** Exercise brief **
Each record needs to be retyped exactly, though its pictures should not appear.

** Available records **
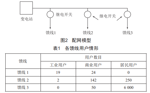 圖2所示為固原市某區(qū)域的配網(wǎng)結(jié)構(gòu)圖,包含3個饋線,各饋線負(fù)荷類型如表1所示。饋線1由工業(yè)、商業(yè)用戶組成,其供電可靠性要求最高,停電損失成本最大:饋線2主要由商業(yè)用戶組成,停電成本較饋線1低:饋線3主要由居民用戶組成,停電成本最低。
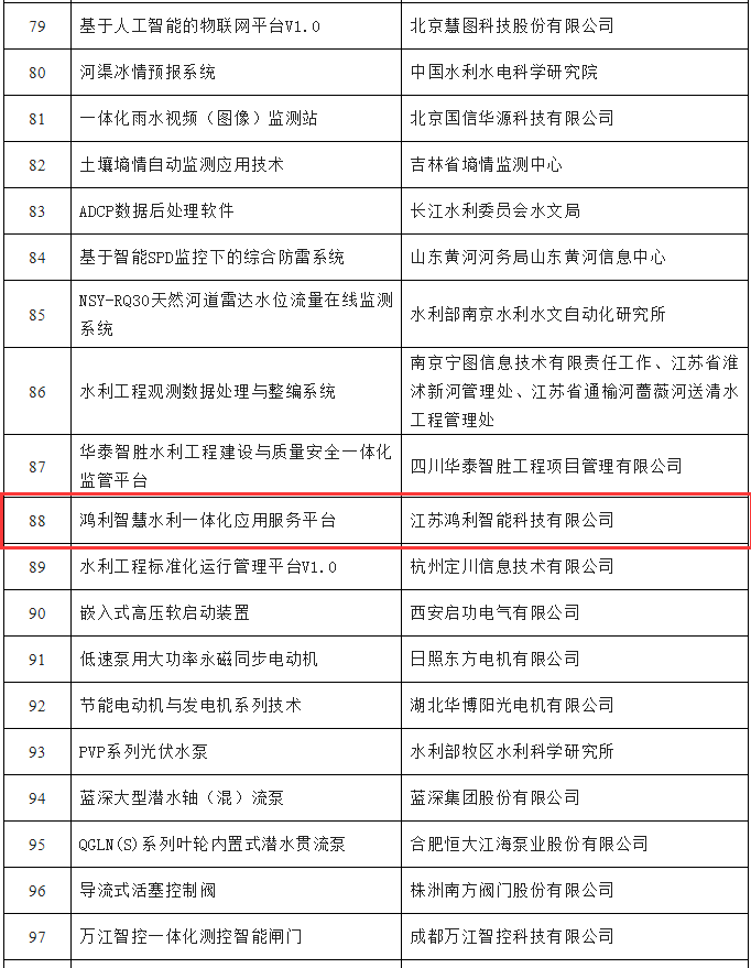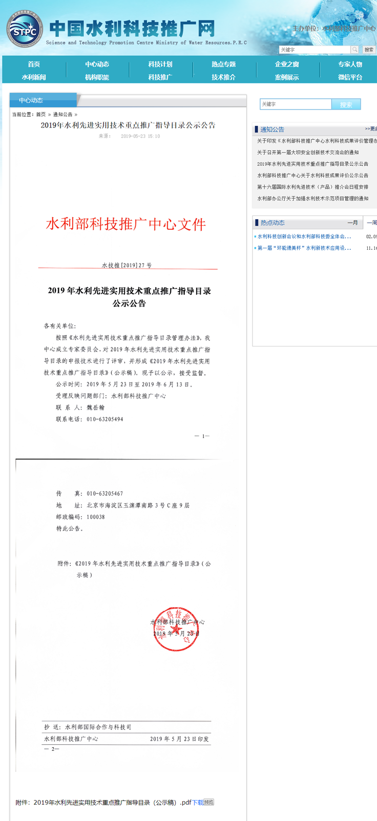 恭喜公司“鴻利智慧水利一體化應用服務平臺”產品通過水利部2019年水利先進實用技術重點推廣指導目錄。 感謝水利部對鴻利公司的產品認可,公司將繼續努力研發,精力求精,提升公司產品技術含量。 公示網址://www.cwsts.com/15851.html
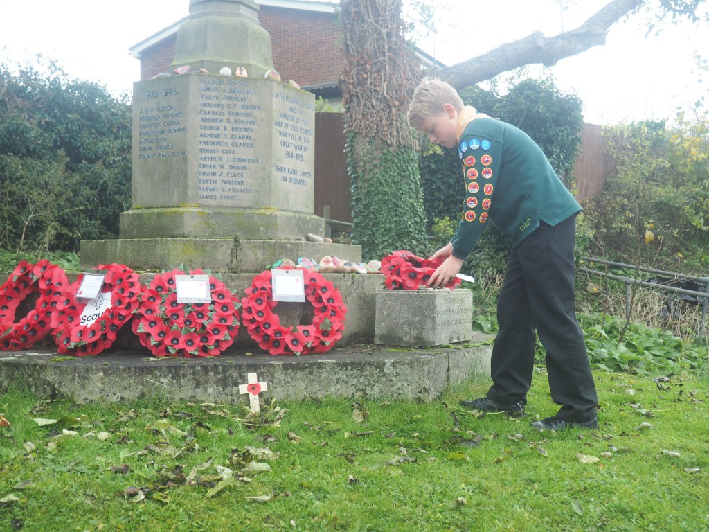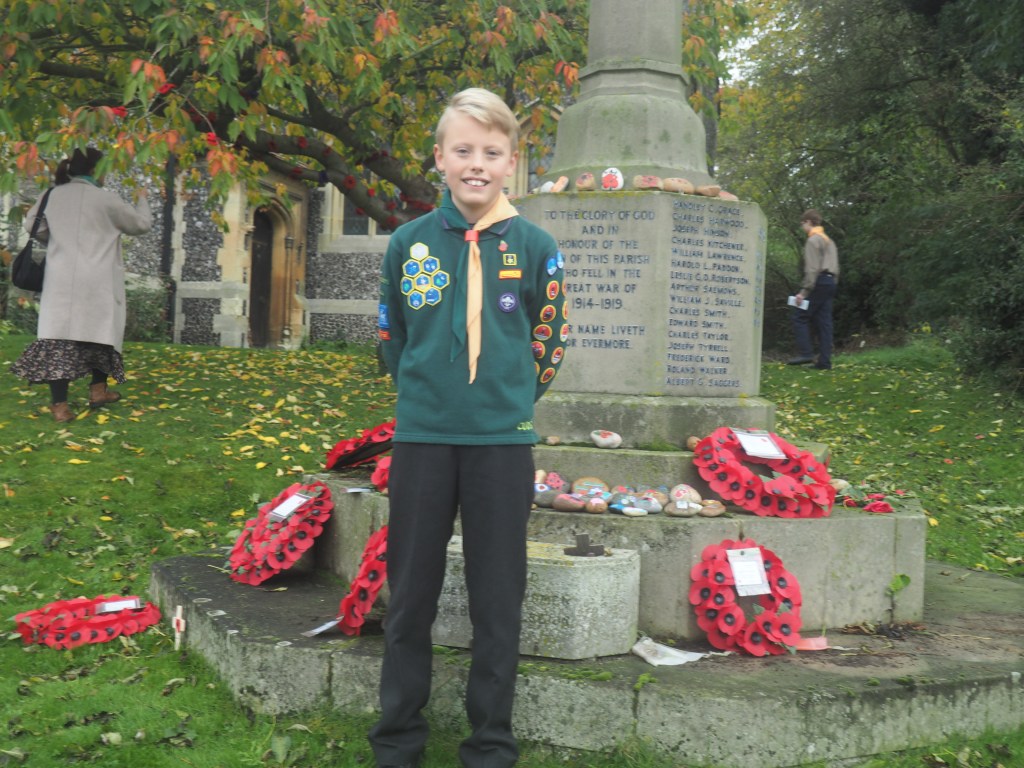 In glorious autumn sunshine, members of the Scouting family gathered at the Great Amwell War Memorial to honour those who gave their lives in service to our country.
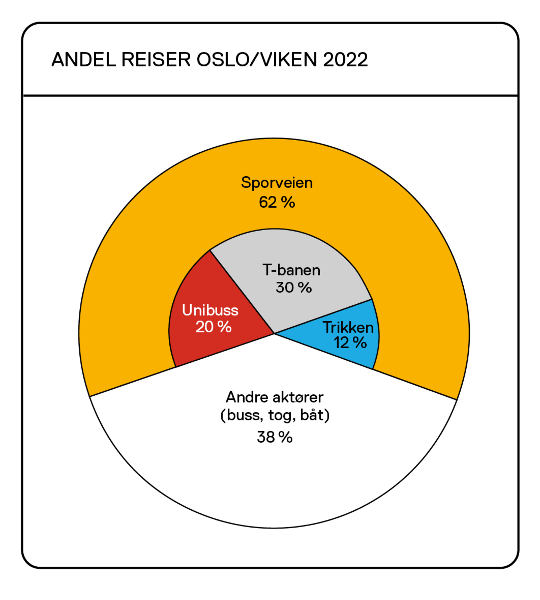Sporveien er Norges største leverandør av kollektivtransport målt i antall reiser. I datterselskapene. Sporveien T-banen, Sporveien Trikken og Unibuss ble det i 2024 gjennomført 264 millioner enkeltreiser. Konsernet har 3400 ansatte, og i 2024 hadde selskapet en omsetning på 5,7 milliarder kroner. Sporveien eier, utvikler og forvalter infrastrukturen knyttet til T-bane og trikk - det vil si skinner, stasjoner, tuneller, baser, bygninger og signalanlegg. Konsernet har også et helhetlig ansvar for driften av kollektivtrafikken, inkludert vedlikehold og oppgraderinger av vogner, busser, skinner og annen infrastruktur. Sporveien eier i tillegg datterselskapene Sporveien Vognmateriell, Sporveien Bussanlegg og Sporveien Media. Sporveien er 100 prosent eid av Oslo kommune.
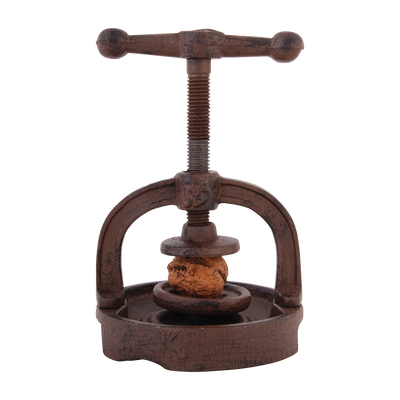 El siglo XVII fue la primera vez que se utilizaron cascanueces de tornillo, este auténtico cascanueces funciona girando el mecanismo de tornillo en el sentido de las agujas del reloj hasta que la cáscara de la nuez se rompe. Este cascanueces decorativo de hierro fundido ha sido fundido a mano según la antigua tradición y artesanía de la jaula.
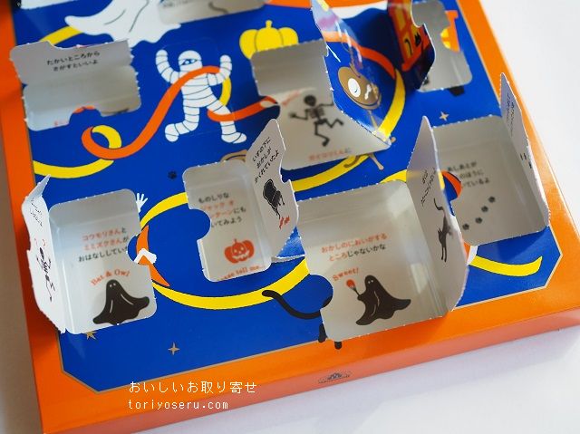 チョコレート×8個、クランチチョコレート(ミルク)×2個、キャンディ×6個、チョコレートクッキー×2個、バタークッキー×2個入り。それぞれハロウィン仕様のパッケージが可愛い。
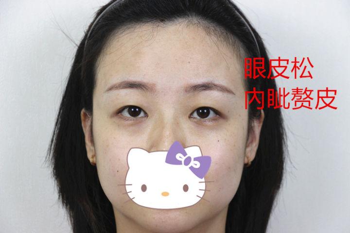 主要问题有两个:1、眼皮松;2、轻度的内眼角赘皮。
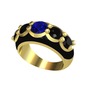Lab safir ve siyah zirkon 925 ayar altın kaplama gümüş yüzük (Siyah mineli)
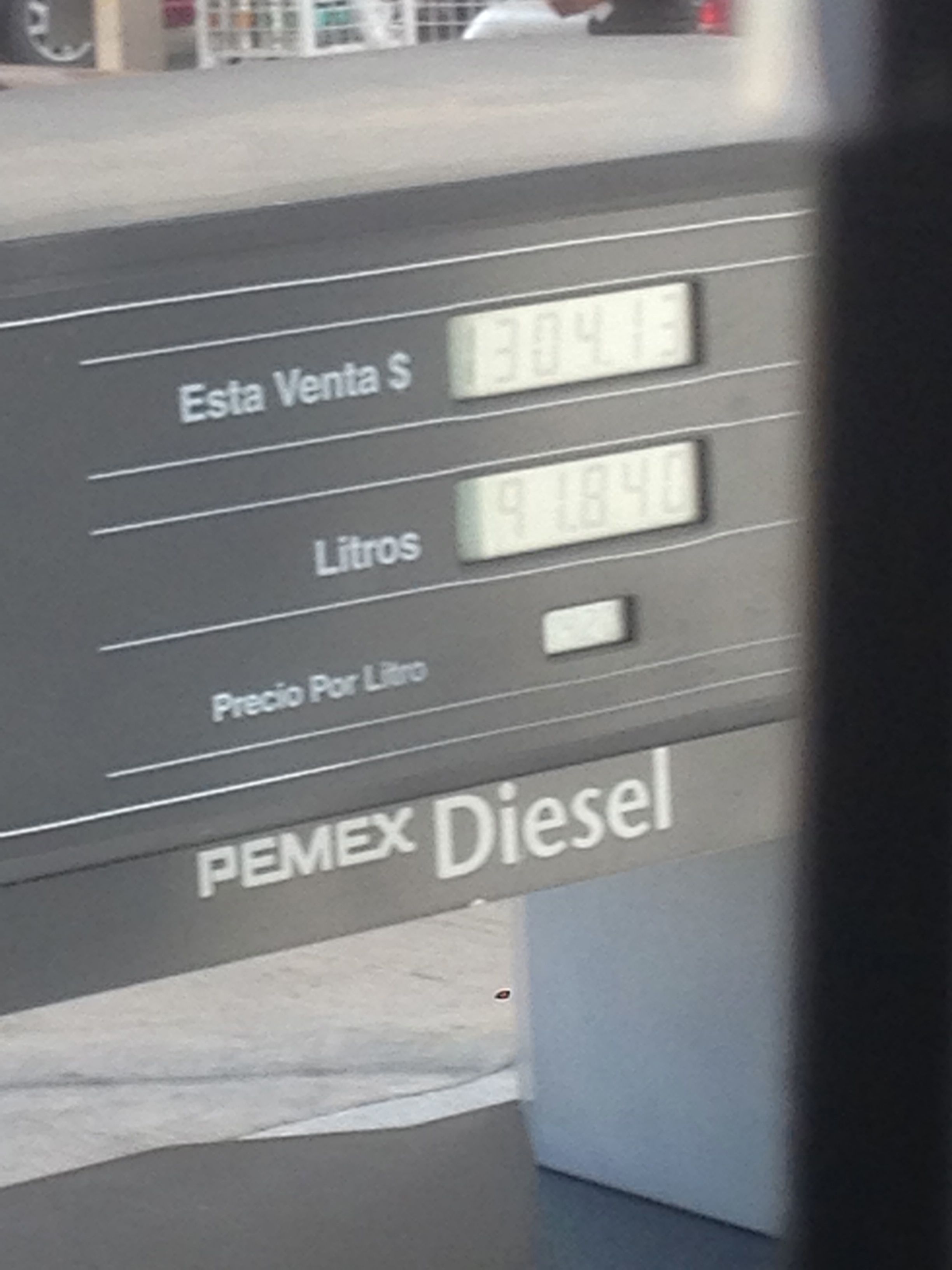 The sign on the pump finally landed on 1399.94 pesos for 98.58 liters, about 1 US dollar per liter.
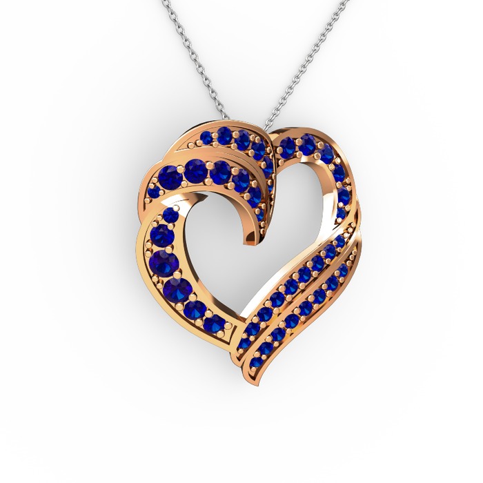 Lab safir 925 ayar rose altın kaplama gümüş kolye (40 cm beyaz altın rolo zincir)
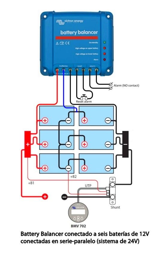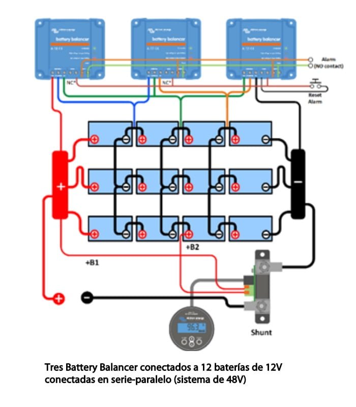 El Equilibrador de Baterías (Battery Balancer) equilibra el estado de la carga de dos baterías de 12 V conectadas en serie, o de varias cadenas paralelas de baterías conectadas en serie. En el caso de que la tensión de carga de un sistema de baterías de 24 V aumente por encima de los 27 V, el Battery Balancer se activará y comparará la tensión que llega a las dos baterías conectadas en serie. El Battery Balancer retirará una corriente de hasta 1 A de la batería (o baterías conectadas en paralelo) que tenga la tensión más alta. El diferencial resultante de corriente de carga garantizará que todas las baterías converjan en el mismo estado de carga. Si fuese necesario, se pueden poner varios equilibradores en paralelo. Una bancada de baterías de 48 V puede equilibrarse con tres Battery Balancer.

** Exercise response **
 圖2所示為固原市某區(qū)域的配網(wǎng)結(jié)構(gòu)圖,包含3個饋線,各饋線負(fù)荷類型如表1所示。饋線1由工業(yè)、商業(yè)用戶組成,其供電可靠性要求最高,停電損失成本最大:饋線2主要由商業(yè)用戶組成,停電成本較饋線1低:饋線3主要由居民用戶組成,停電成本最低。
 恭喜公司“鴻利智慧水利一體化應用服務平臺”產品通過水利部2019年水利先進實用技術重點推廣指導目錄。 感謝水利部對鴻利公司的產品認可,公司將繼續努力研發,精力求精,提升公司產品技術含量。 公示網址://www.cwsts.com/15851.html
 In glorious autumn sunshine, members of the Scouting family gathered at the Great Amwell War Memorial to honour those who gave their lives in service to our country.
Sporveien er Norges største leverandør av kollektivtransport målt i antall reiser. I datterselskapene. Sporveien T-banen, Sporveien Trikken og Unibuss ble det i 2024 gjennomført 264 millioner enkeltreiser. Konsernet har 3400 ansatte, og i 2024 hadde selskapet en omsetning på 5,7 milliarder kroner. Sporveien eier, utvikler og forvalter infrastrukturen knyttet til T-bane og trikk - det vil si skinner, stasjoner, tuneller, baser, bygninger og signalanlegg. Konsernet har også et helhetlig ansvar for driften av kollektivtrafikken, inkludert vedlikehold og oppgraderinger av vogner, busser, skinner og annen infrastruktur. Sporveien eier i tillegg datterselskapene Sporveien Vognmateriell, Sporveien Bussanlegg og Sporveien Media. Sporveien er 100 prosent eid av Oslo kommune.
 El siglo XVII fue la primera vez que se utilizaron cascanueces de tornillo, este auténtico cascanueces funciona girando el mecanismo de tornillo en el sentido de las agujas del reloj hasta que la cáscara de la nuez se rompe. Este cascanueces decorativo de hierro fundido ha sido fundido a mano según la antigua tradición y artesanía de la jaula.
 チョコレート×8個、クランチチョコレート(ミルク)×2個、キャンディ×6個、チョコレートクッキー×2個、バタークッキー×2個入り。それぞれハロウィン仕様のパッケージが可愛い。
 主要问题有两个:1、眼皮松;2、轻度的内眼角赘皮。
Lab safir ve siyah zirkon 925 ayar altın kaplama gümüş yüzük (Siyah mineli)
 The sign on the pump finally landed on 1399.94 pesos for 98.58 liters, about 1 US dollar per liter.
 Lab safir 925 ayar rose altın kaplama gümüş kolye (40 cm beyaz altın rolo zincir)
 El Equilibrador de Baterías (Battery Balancer) equilibra el estado de la carga de dos baterías de 12 V conectadas en serie, o de varias cadenas paralelas de baterías conectadas en serie. En el caso de que la tensión de carga de un sistema de baterías de 24 V aumente por encima de los 27 V, el Battery Balancer se activará y comparará la tensión que llega a las dos baterías conectadas en serie. El Battery Balancer retirará una corriente de hasta 1 A de la batería (o baterías conectadas en paralelo) que tenga la tensión más alta. El diferencial resultante de corriente de carga garantizará que todas las baterías converjan en el mismo estado de carga. Si fuese necesario, se pueden poner varios equilibradores en paralelo. Una bancada de baterías de 48 V puede equilibrarse con tres Battery Balancer.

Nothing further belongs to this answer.